[EXERCISE] Return each line of the data below exactly, omitting any pictures.

[DATASET SECTION]
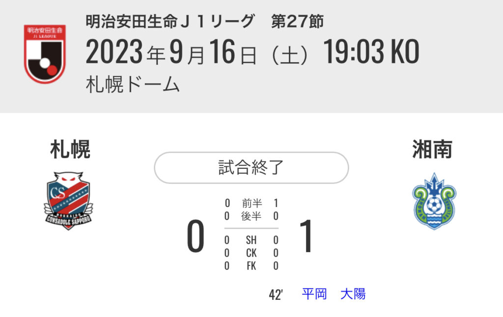 1: 久太郎 ★ 2023/09/16(土) 21:02:18.80 ID:X1CGHmqH9 札幌 0-1 湘南 [得点者] 42'平岡 大陽(湘南) スタジアム:札幌ドーム 入場者数:14,090人 https://www.jleague.jp/match/j1/2023/091601/live/#live 広島 2-0 神戸 [得点者] 07'志知 ...
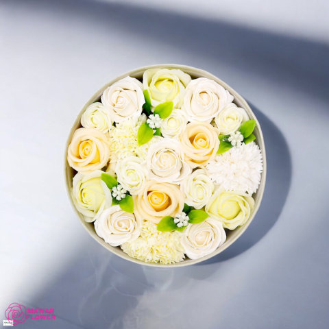 1 kép Esküvői Fehér Szappanvirág kerek doboz
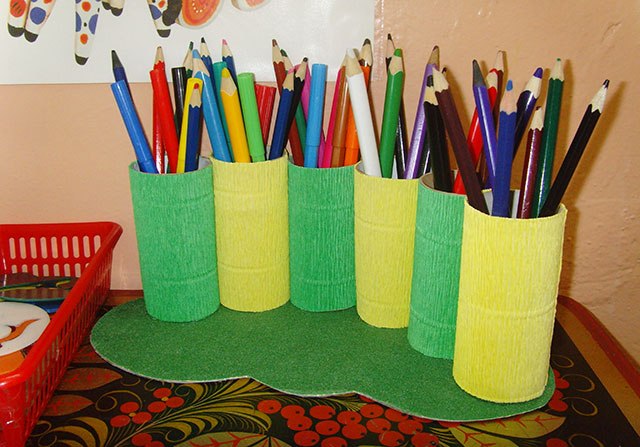 Дуже багато посібників роблю з непридатного матеріалу. Карандашница в куточок З (з рулончиків від туалетного паперу).
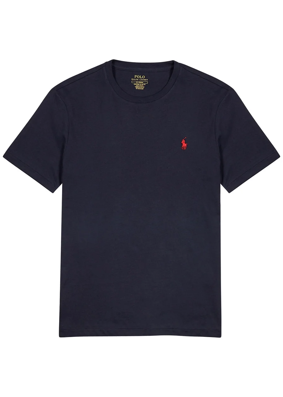 INFO & CARE - Polo Ralph Lauren navy cotton T-shirt - Ribbed crew-neck red embroidered designer crest - Slips on - 100% cotton SIZE & FIT - Machine wash - Length shoulder to hem: front: 26 inches/ 66cm - Midweight - Custom slim fit - Model is 6'3"/ 191cm chest size 38 inches and wears a size medium

[WRITTEN RESPONSE]
 1: 久太郎 ★ 2023/09/16(土) 21:02:18.80 ID:X1CGHmqH9 札幌 0-1 湘南 [得点者] 42'平岡 大陽(湘南) スタジアム:札幌ドーム 入場者数:14,090人 https://www.jleague.jp/match/j1/2023/091601/live/#live 広島 2-0 神戸 [得点者] 07'志知 ...
 1 kép Esküvői Fehér Szappanvirág kerek doboz
 Дуже багато посібників роблю з непридатного матеріалу. Карандашница в куточок З (з рулончиків від туалетного паперу).
 INFO & CARE - Polo Ralph Lauren navy cotton T-shirt - Ribbed crew-neck red embroidered designer crest - Slips on - 100% cotton SIZE & FIT - Machine wash - Length shoulder to hem: front: 26 inches/ 66cm - Midweight - Custom slim fit - Model is 6'3"/ 191cm chest size 38 inches and wears a size medium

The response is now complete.